“Do you fancy trying waveskiing?” asked my friend Ickle.

“Waveskiing?” I queried, thinking he had made up a new sport.

“Yes, waveskiing.”

There followed a brief description of something that sounded a bit like a cross between surfing and canoeing.  It led me to imagine myself riding the crest of a wave onto the beach to be welcomed by hordes of bikini clad blonds.

“Yes, I think I would very much like to try that!”

It is times like this that you miss access to Google.  Without the Internet being able to correct my perception, I arrived at Watergate Bay expecting to be like the cool surfer dude I obviously aspire to be.

Fifteen minutes later, I stood on the beach in an ill-fitting wetsuit, wrapped in a fluorescent buoyancy aid and wearing a helmet usually reserved for use by construction workers.  The one thing I absolutely did not resemble was a ’surf dude’.  I looked more like an amateur pot-holer looking for a cave to explore.

After dragging our waveskis approximately eight miles across wet sand to the waters edge, we were given some brief instructions and sent into the waves.

This is when I realised that paddling into a wave is difficult.  Really fucking difficult.

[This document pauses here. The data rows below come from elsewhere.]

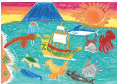
小学校低学年の部 最優秀賞 「楽しそうなサン・ファン・パウティスタ号」
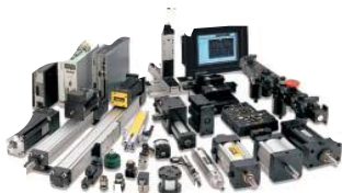
Пневматические и электромеханические устройства для автоматизации
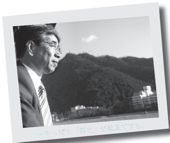
…やっぱり「花火」が最高ですわ。

「贅沢すぎますよ」この窓から眺める四季折々の風景。言葉にはならない感動が、すぐ目の前に広がります。
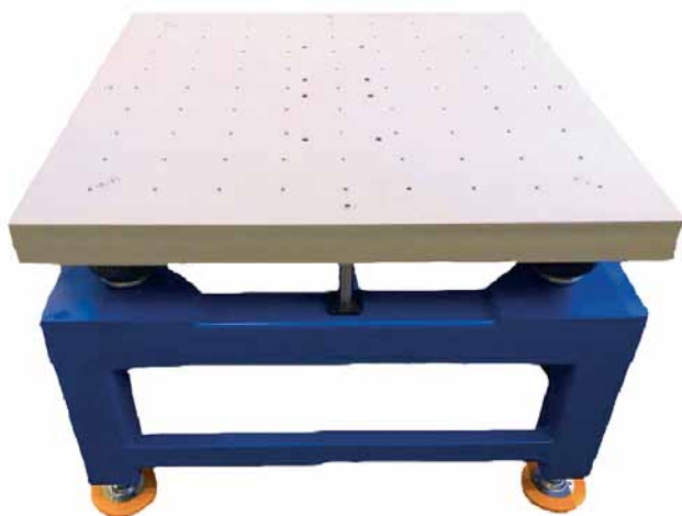
Рис. 4. Стол вибростенда

Первичная аттестация вибростенда по ГОСТ РВ 008-0002-2013, позволяющая подтвердить все заявленные характеристики, была проведена на месте его эксплуатации. Результаты аттестации показали полное соответствие нового оборудования требованиям заказчика и военной приемки. Таким образом, НПП «Универсал Прибор» не только удачно реализовало проект, но и разработало новинку для рынка испытательного оборудования. Теперь новый электромеханический вибростенд представлен в ассортименте компании.
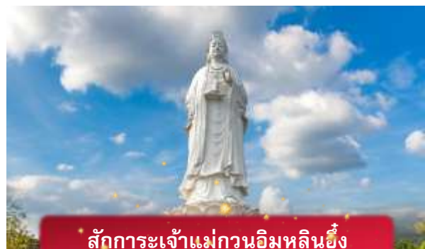
สักการะเจ้าแม่กวนอิมหลินอึ้ง
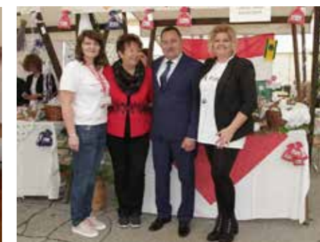
Grad Nagybajom na 4. Virovskoj prkačijadi, 11. svibnja 2019.
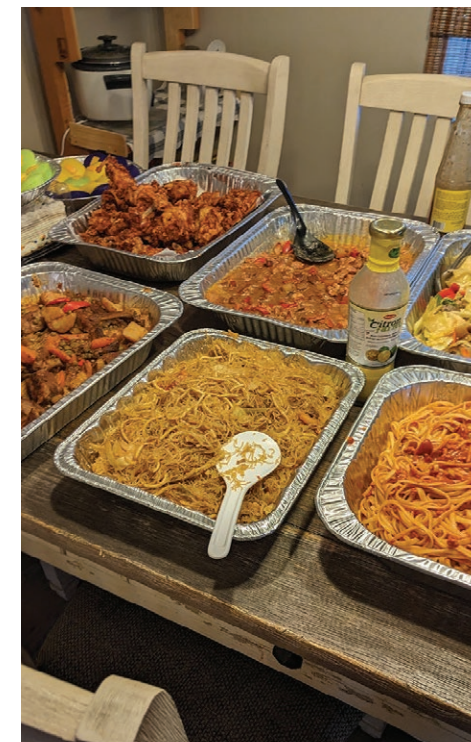
Une table pleine de plats philippins avait été préparée lors la soirée à laquelle était invité GRAFFICI.
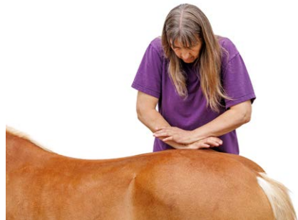
Alle Griffe sind in Wort und Bild nachvollziehbar dargestellt.
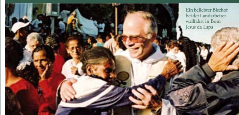
Ein beliebter Bischof bei der Landarbeiter- wallfahrt in Bom Jesus da Lapa
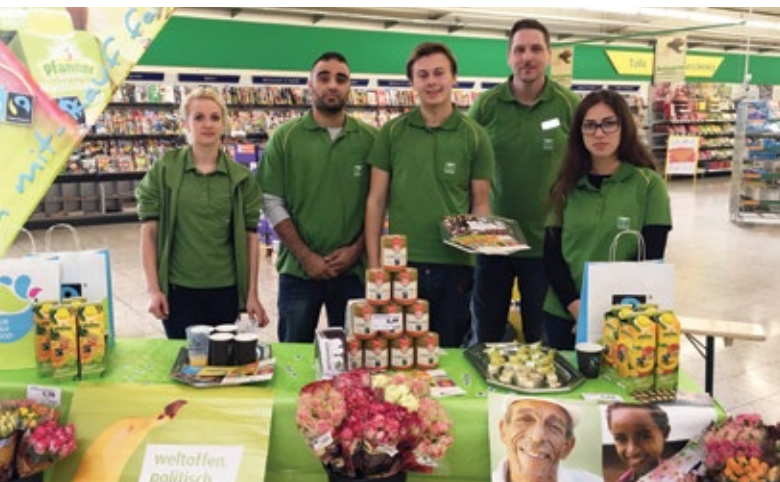
Schülerinnen und Schüler der Handelslehranstalt Hameln werben alljährlich in Supermärkten für fair gehandelte Produkte.

Diese Erfolge sind das Ergebnis eines breit angelegten, partizipativen und transparenten Prozesses in der Kreisverwaltung. Der Landrat hat das Thema Nachhaltigkeit zur Chefsache erklärt und bereits 2011 eine interdisziplinäre und dezer-natsübergreifende AG Klimaschutz gegründet, zu der Leiterinnen und Leiter aus Schlüsselämtern (Informationstechnologie, Zentrale Dienste, Rechnungsprüfungsamt, Bauverwaltung, Facility-Management, Kreisabfallwirtschaft etc.) per Landratsanweisung dienstverpflichtet wurden.
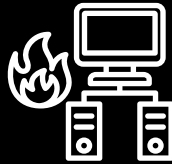
Disaster Recovery As a Service
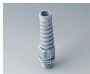
C2320528 Кабельный ввод M20 x 1,5, с защитой от изгиба ПА серебристо-серый RAL 7001
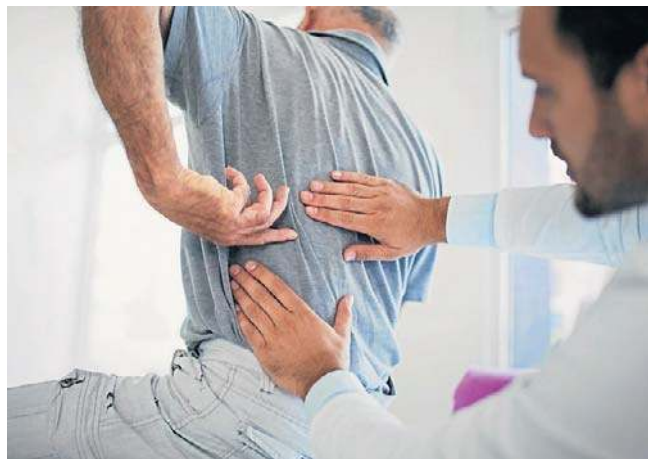
Należy włączyć fizjoterapeutów do długoterminowej opieki zdrowotnej oraz rozwijać usługi w domu pacjenta

Już od narodzin dzieci mogą korzystać ze wsparcia fizjoterapeutów, którzy pomagają prawidłowo rozwijać postawę i ruch.
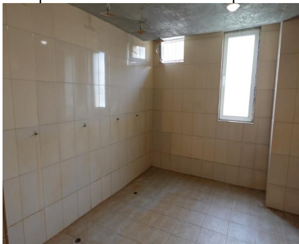
Обща баня в затворническия корпус

Отоплението на Затвор Бобов дол се осигурява от два намиращи се на място котли с газол, а топлата вода се осигурява от два бойлера. От администрацията споделиха, че бойлерите и котлите са много стари и е необходимо да бъдат заменени с нови.
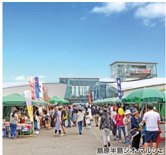
島原半島ジオ・マルシェ

雲仙普賢岳からの地下水が豊富に湧き出す湧水の街島原。街中の至るところに綺麗な水が流れています。また、ゴールである雲仙岳災害記念館の火山体験ミュージアムでは、島原半島の特産品を集めた島原半島ジオ・マルシェが開催されています。
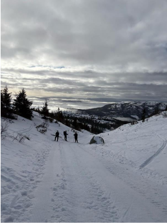
Wintertrip in Lifjell im Februar
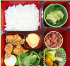
お弁当例(お弁当は日替りです。)

●詳しくは http://www.lets-jr.com/bento.html をご覧ください。

And so very, very tiring.

I had been paddling for about an hour when I decided to turn around and try and catch a wave back to the beach which was probably about mile behind me by now.  Of course, the beach was only about fifteen metres away, and the first wave knocked me clean off my waveski before I had time to swear properly.  I tumbled beachward and realised the helmet was there for a reason as I was whacked to the back of the skull by my waveski, which then surfed in gracefully to the shore.  Without me.

“Don’t worry, that happens to everyone!” screamed the instructor ensuring everyone woman on the beach could hear him, and with the sort of patronising tone you save for the ’special’ people.

“Oh fuck off!” I screamed back as another wave came crashing over my head.

Ninety minutes later I called it a day having ‘caught’ just two waves without falling off.

As we dragged our waveskis the eight miles back to the storage shed, the instructor asked us how it went.

“I bet you’ll all be back for more.”  he asked, or so Ickle told me, as I didn’t hear him due to my ears being full of sea water.

And no, I fucking will not be back for more.